[Material to process Boundary: Start]
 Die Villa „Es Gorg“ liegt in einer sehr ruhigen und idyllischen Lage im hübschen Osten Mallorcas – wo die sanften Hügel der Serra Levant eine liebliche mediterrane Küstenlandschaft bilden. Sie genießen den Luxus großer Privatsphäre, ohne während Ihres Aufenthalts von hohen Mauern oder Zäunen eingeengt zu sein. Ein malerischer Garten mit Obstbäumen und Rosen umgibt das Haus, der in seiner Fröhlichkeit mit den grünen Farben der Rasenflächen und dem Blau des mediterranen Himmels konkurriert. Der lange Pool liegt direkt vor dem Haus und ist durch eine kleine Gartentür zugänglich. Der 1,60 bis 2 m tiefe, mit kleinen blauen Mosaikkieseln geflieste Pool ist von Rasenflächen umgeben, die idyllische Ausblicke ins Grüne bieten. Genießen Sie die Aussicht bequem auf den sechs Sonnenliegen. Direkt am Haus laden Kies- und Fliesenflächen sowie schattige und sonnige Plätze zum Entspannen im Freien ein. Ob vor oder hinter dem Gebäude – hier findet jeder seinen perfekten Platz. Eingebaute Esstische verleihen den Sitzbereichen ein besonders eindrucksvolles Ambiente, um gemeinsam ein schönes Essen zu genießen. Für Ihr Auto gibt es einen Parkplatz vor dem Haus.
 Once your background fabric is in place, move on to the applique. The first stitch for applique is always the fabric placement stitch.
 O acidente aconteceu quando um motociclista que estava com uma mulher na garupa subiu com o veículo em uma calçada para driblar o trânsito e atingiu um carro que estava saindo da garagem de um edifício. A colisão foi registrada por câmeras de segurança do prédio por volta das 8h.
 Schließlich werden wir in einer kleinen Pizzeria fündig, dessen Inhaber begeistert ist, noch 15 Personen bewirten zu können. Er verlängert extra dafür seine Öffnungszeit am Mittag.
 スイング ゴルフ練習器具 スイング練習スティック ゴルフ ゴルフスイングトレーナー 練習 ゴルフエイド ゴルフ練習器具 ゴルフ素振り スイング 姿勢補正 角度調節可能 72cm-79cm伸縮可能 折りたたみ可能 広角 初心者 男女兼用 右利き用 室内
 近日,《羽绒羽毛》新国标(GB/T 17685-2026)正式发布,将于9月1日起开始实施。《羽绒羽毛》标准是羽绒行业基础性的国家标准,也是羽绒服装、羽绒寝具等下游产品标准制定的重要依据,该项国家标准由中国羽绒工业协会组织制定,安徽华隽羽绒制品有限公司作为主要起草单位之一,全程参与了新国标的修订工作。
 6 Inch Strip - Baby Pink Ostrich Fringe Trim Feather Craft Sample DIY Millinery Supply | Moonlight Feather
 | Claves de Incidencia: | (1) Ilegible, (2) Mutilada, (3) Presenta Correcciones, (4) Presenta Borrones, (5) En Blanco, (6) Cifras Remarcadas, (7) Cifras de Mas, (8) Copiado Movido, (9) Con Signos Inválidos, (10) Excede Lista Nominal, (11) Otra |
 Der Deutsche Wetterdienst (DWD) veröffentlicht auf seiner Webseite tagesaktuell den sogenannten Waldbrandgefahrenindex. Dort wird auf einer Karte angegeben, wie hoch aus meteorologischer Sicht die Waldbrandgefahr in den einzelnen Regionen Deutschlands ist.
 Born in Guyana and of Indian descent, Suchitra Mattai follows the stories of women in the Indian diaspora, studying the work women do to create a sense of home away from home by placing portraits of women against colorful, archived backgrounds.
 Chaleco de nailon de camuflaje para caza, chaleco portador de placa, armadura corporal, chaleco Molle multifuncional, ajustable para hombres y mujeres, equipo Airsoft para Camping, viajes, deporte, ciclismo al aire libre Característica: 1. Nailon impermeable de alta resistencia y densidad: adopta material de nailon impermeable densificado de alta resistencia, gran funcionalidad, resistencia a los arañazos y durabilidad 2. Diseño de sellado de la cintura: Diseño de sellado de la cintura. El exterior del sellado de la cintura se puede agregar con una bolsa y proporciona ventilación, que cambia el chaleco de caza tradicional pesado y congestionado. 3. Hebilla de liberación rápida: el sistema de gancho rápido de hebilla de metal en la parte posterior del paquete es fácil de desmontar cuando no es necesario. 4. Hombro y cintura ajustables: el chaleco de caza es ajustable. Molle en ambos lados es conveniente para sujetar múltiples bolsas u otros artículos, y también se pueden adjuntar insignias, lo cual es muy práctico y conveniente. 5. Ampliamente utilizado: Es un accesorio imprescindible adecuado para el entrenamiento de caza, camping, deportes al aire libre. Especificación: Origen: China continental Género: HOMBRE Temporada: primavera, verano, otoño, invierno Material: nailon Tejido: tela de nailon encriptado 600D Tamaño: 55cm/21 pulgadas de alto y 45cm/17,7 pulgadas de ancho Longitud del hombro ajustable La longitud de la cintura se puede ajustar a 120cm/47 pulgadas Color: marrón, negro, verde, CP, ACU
[Material to process Boundary: End]
### What you will do
All lines carrying the word "para" must be copied from the data above.

### Task result
 O acidente aconteceu quando um motociclista que estava com uma mulher na garupa subiu com o veículo em uma calçada para driblar o trânsito e atingiu um carro que estava saindo da garagem de um edifício. A colisão foi registrada por câmeras de segurança do prédio por volta das 8h.
 Chaleco de nailon de camuflaje para caza, chaleco portador de placa, armadura corporal, chaleco Molle multifuncional, ajustable para hombres y mujeres, equipo Airsoft para Camping, viajes, deporte, ciclismo al aire libre Característica: 1. Nailon impermeable de alta resistencia y densidad: adopta material de nailon impermeable densificado de alta resistencia, gran funcionalidad, resistencia a los arañazos y durabilidad 2. Diseño de sellado de la cintura: Diseño de sellado de la cintura. El exterior del sellado de la cintura se puede agregar con una bolsa y proporciona ventilación, que cambia el chaleco de caza tradicional pesado y congestionado. 3. Hebilla de liberación rápida: el sistema de gancho rápido de hebilla de metal en la parte posterior del paquete es fácil de desmontar cuando no es necesario. 4. Hombro y cintura ajustables: el chaleco de caza es ajustable. Molle en ambos lados es conveniente para sujetar múltiples bolsas u otros artículos, y también se pueden adjuntar insignias, lo cual es muy práctico y conveniente. 5. Ampliamente utilizado: Es un accesorio imprescindible adecuado para el entrenamiento de caza, camping, deportes al aire libre. Especificación: Origen: China continental Género: HOMBRE Temporada: primavera, verano, otoño, invierno Material: nailon Tejido: tela de nailon encriptado 600D Tamaño: 55cm/21 pulgadas de alto y 45cm/17,7 pulgadas de ancho Longitud del hombro ajustable La longitud de la cintura se puede ajustar a 120cm/47 pulgadas Color: marrón, negro, verde, CP, ACU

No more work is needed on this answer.